> [The task] Extract word for word the lines of the listing from its start to the line holding "Colorful rural landscape", both ends kept; pictures are not part of the copy.

======== Data to examine

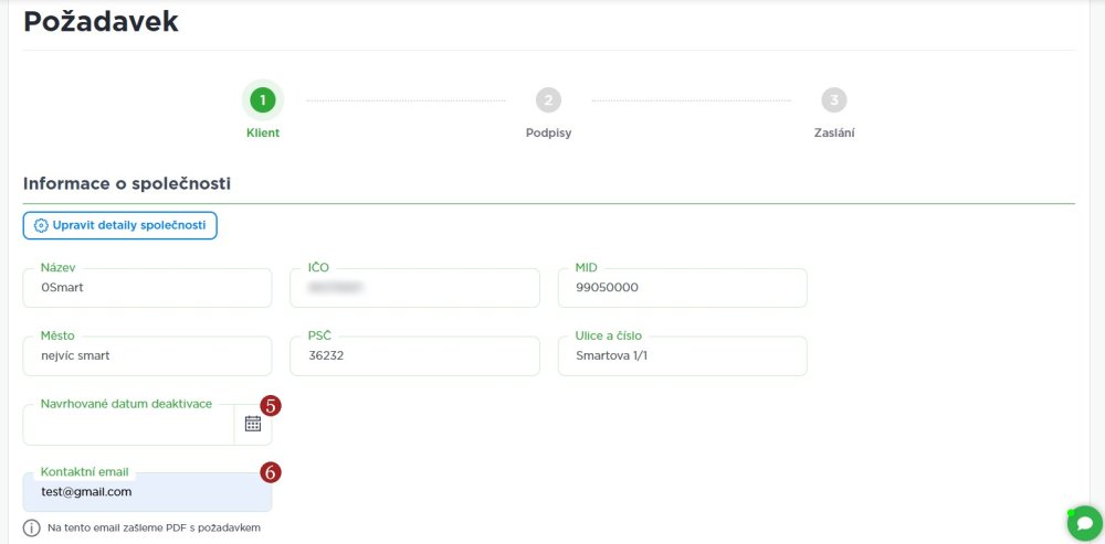 Formulář je částečně předvyplněn. Zvolte 5 Navrhované datum deaktivace a zkontrolujte si 6 Kontaktní e-mail, na který bude zaslán formulář/e s instrukcemi.
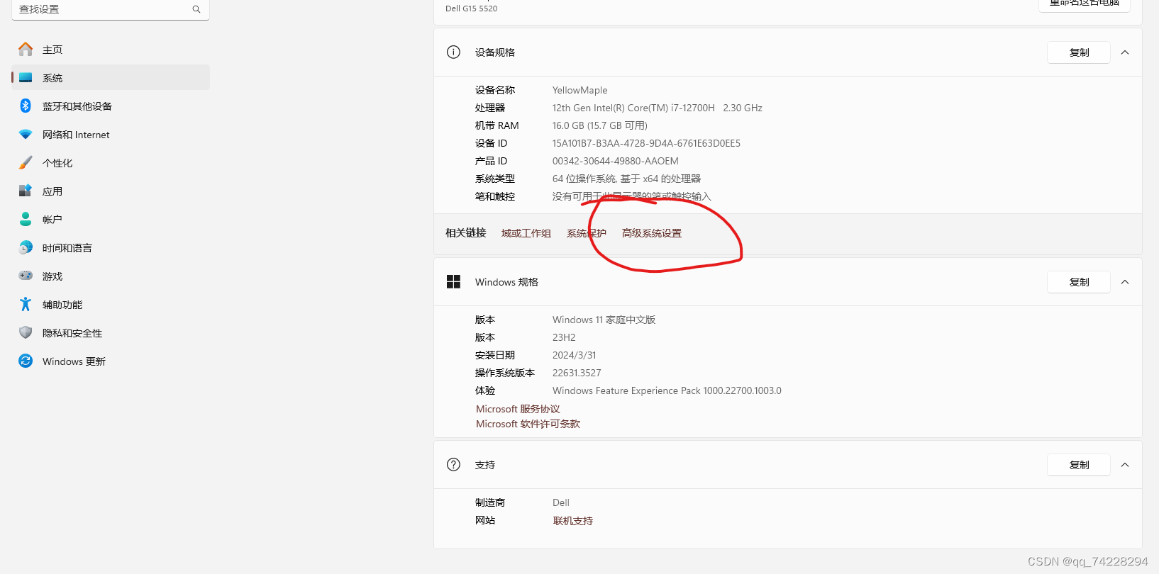 在打开的页面中就可以看到当前计算机名称、操作系统、CPU、内存等重要信息。
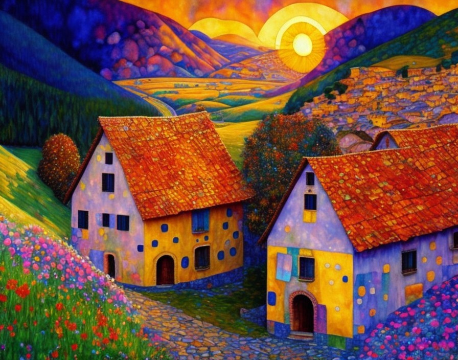 Colorful rural landscape painting with houses, hills, path, and sunset.
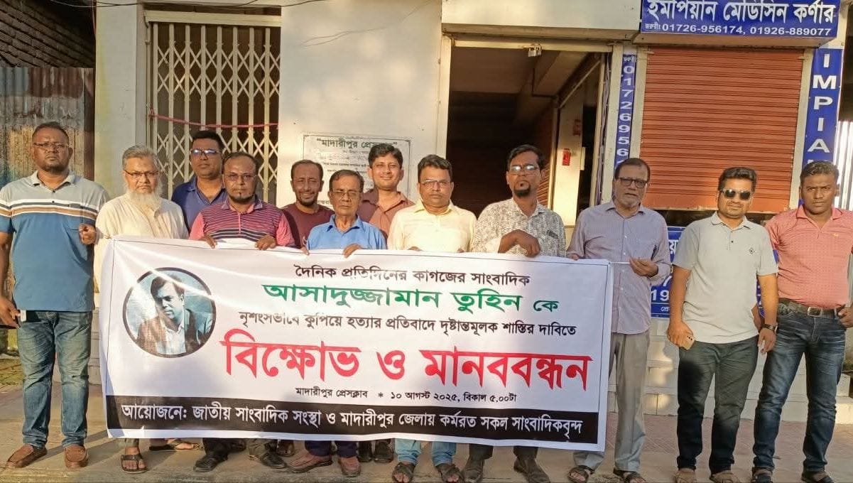 দৈনিক প্রতিদিনের কাগজ পত্রিকার গাজীপুর জেলা প্রতিনিধি সাংবাদিক আসাদুজ্জামান তুহিনকে কুপিয়ে ও জবাই করে নৃশংসভাবে হত্যার প্রতিবাদে মাদারীপুরে বিক্ষোভ ও মানববন্ধন অনুষ্ঠিত হয়েছে। রবিবার (১০ আগষ্ট) বিকেলে মাদারীপুর প্রেসক্লাবের সামনে জাতীয় সাংবাদিক সংস্থা মাদারীপুর জেলা শাখা ও সর্বস্তরের সাংবাদিকদের উদ্যোগে এ কর্মসূচি পালন করা হয়।
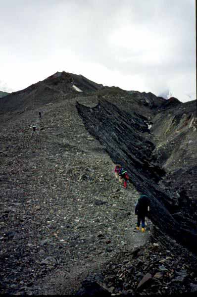 -- the first, along the glacier, has many crevasses to reach the slope,
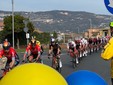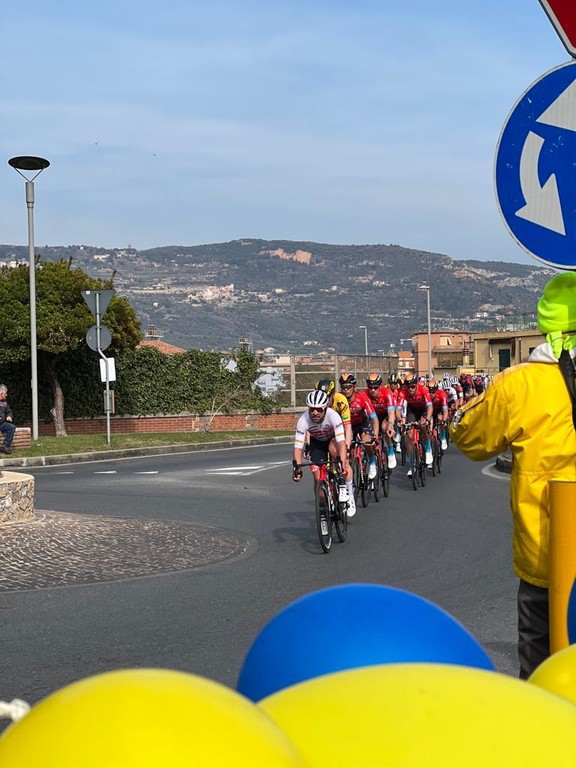 A Pietra Ligure, a far da cornice al gruppo dei corridori, sono spuntati alcuni palloncini gialli e alcuni blu, i colori della bandiera ucraina.
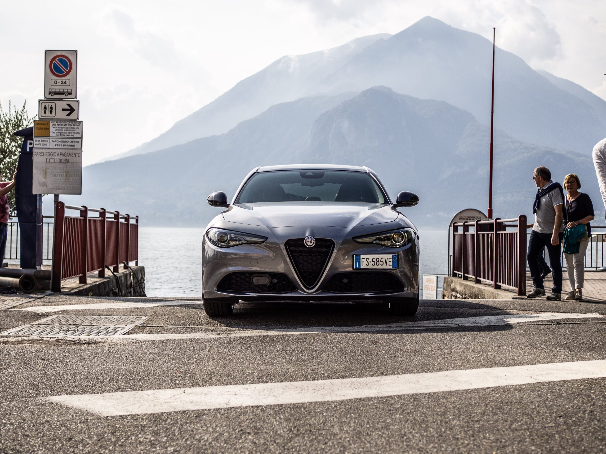 Dagen därpå installerade vi oss återigen i bilen för att färdas söderut, denna gång längs sjöns västra sida. Från Cadenabbia skulle vi ta färjan över till Bellagio, och medan jag utan framgång försökte kortbetala för vår biljett blev Tobias närmad av ytterligare ett fan. Denna gång var det en tämligen översocial jänkare som storögt och närgånget frågade vad tusan det här var för en exotisk bil. Uppenbart vid det här laget var att Alfa Romeos tjusiga formspråk är en designmässig dundersuccé hos våra vänner i väst – åtminstone bland de som semestrar i Lombardiet.
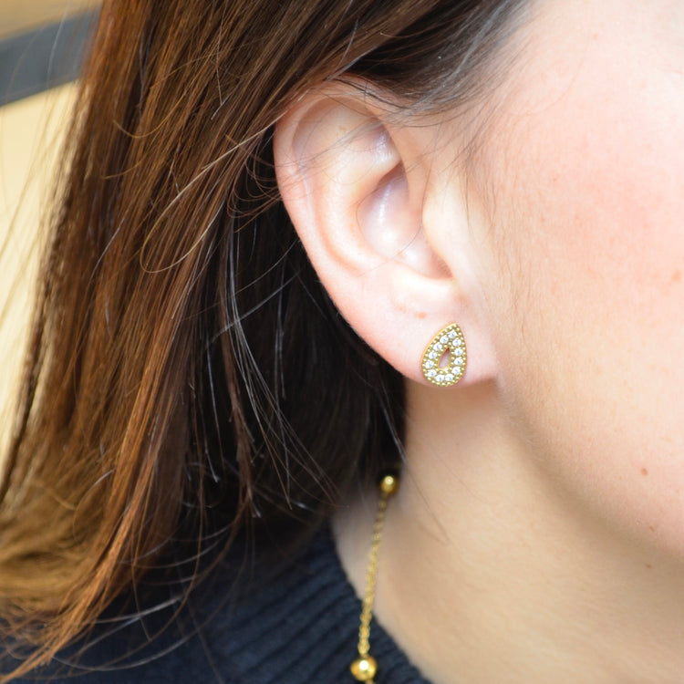 Pendientes mini drops de acero inoxidable con circonitas, resistente al agua. Los pendientes perfectos para el día a día.
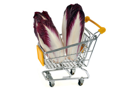 Two-colored endives in a supermarket trolley close-up on a white background | Two-colored endives in a supermarket cart
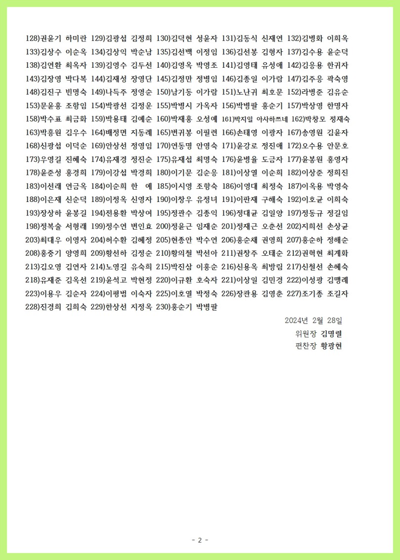 제5신 전언문 작성자 정보 황광현쪽지보내기 메일보내기 자기소개 아이디로 검색 전체게시물쪽지보내기 메일보내기 자기소개 아이디로 검색 전체게시물작성 1,675 조회 작성일2024.02.28 컨텐츠 정보 0댓글 본문 SNS 공유 관련자료 댓글 0 개 등록된 댓글이 없습니다. 로그인한 회원만 댓글 등록이 가능합니다. 이전 전국 지회장 회의 안내 작성일 2024.03.08 다음 제4신 전언문 작성일 2024.02.19 목록 × SNS 공유 가정회소개 회장인사 가정회 정관 가정회 연혁 임원 및 구성 역대 주요임원 가정회 역대회장 가정회 소식
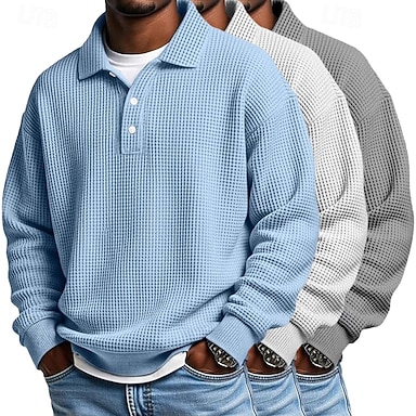 Herr Våffelpikétröjor Strukturerad Formell Företag Klassisk Långärmad Mode Ensfärgat Slät 3 st Flerpack Höst Vår & Höst Alla årstider Lös passning 1# 2# 3# 4# 5# 6# Våffelpikétröjor

================

> [Answer space]
 Formulář je částečně předvyplněn. Zvolte 5 Navrhované datum deaktivace a zkontrolujte si 6 Kontaktní e-mail, na který bude zaslán formulář/e s instrukcemi.
 在打开的页面中就可以看到当前计算机名称、操作系统、CPU、内存等重要信息。
 Colorful rural landscape painting with houses, hills, path, and sunset.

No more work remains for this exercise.